Drumcree honours a republican

The church on the hill is synonymous with Orange Order defiance, but the Protestant community's most celebrated son turns out to have owed his loyalties to the other side, reports Henry McDonald
Northern Ireland: special report

Drumcree, the citadel of anti-Agreement loyalism, has now become a shrine for the Orange Order's republican enemies.

Republicans are set to pay homage at Drumcree parish church to one of the founding fathers of the Young Ireland movement, John Mitchel.

Under the noses of Orange protesters at Drumcree hill, several republicans from Newry visited the church last week to check parish records in order to confirm that Mitchel was married at the church.

Republicans organising an exhibition on his life travelled to Portadown last week. They learnt that Mitchel, who was transported from Ireland by the British for rebellion, was married in the church in 1837. His bride, 16-year-old Jane Verner, came from a prominent Orange Order family in Co Armagh.

The Rev John Pickering, the current rector at Drum cree, said the republicans who came to check the records were 'extremely courteous'. He added: 'They came to look at our records and the entry on John Mitchel and when he was married. They simply just wanted to see the book because they are planning an exhibition on Mitchel's life in Newry later this year.'

Pickering said he was glad to open the books to the republicans 'because our histories are entangled and I have an interest in history'.

He added that no one has yet approached him from the republican side over a future commemoration at the church in Mitchel's honour.

Mitchel, a Newry-based solicitor and son of a Presbyterian minister, was an outspoken republican involved in armed conspiracy to overthrow the British in Ireland. In 1848 he was sentenced to 14 years for treason and initially transported to Australia.

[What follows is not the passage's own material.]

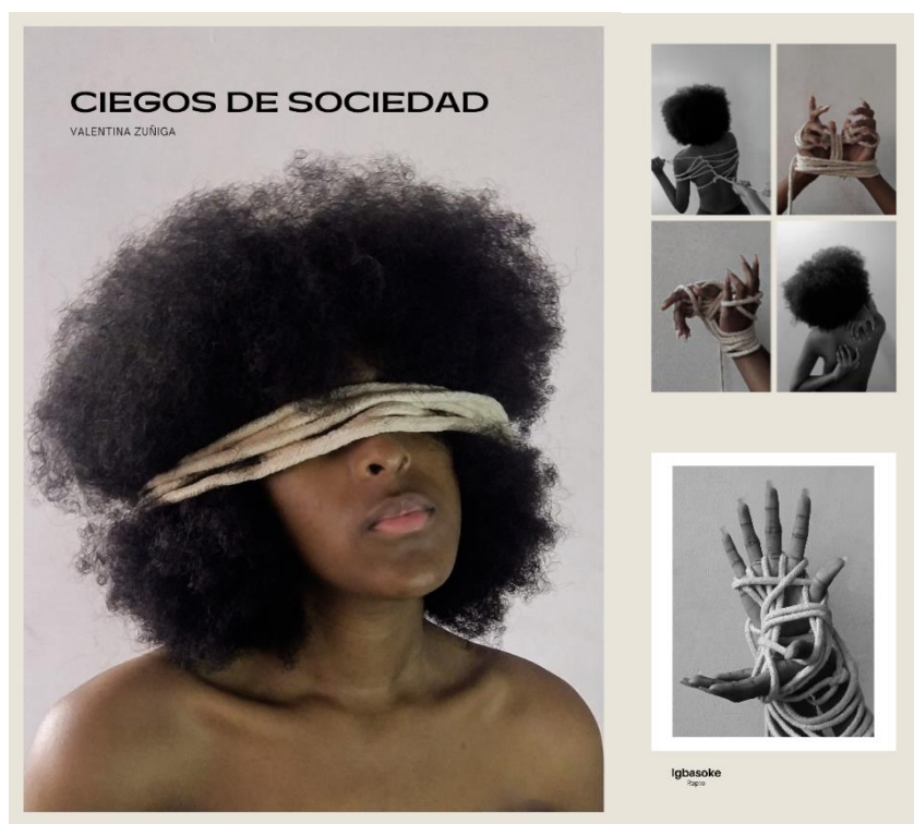
Ciegos de sociedad. Foto libro (15 páginas) 2021

que constantemente niega nuestra existencia. Esta pieza invita a una reflexión sobre la necesidad de recuperar y reivindicar nuestras identidades. Hasta el momento, es mi primer y único trabajo fotográfico que se ve alineado con mis intereses y me parece importante presentarlo dentro de mis antecedentes, porque creo que sienta una buena línea para mi creación artística.

However, he escaped to America and was only allowed to return to Ireland 40 years later, when he was given a hero's welcome.

Following his return, Mitchel was elected Westminster MP for Tipperary but died a short time later.

He married his child bride, whom he had tried to elope with a year before when she was just 15, at Drumcree because it was her home parish. Jane Verner came from a staunchly unionist, Orange, Church of Ireland Episcopalian family in the county, while Mitchel was a Unitarian.

Mitchel is buried in Newry's Protestant Unitarian graveyard where republicans hold an annual commemoration. There is also a statue of the 19th-century republican icon in the centre of the town of his birth.

Republicans in Newry said the marriage of Mitchel and Verner at Drumcree had reso nance for Ireland in the 21st century.

One republican said: 'Here are two people from a unionist background who held radical, republican beliefs and suffered for that. In fact, they symbolised the possibility of reaching out to the other side.'

Such is the sensitivity of the issue that the republicans involved will not disclose their names or say whether or not they are connected to Sinn Fein.

David Jones, the spokesman for the Orange Order in Portadown, said it was ironic that republicans could come to Drumcree church to check parish records but local Orangemen could not walk down the nearby, mainly nationalist, Garvaghy Road.

'I can't really object to someone coming to the church to check the records, Orangemen do that all the time in parishes across the province.

'Even during the day ordinary residents of the Garvaghy Road can walk their dogs past the church freely but if I tried to walk down the Garvaghy Road even without an Orange collarette on I would be taking my life in my hands.

'There is a rumour in the town that this republican group from Newry wants to march from Garvaghy Road to the church to commemorate Mitchel. All I can say is it's ironic if they're looking for a right to march while we can't parade in our home town.'

Jones added that Orangemen would be intensifying their protests at Drumcree over the next few weeks as the marching season begins. His members were determined to 'stay on the hill' despite the ban against the local lodge marching down Garvaghy Road.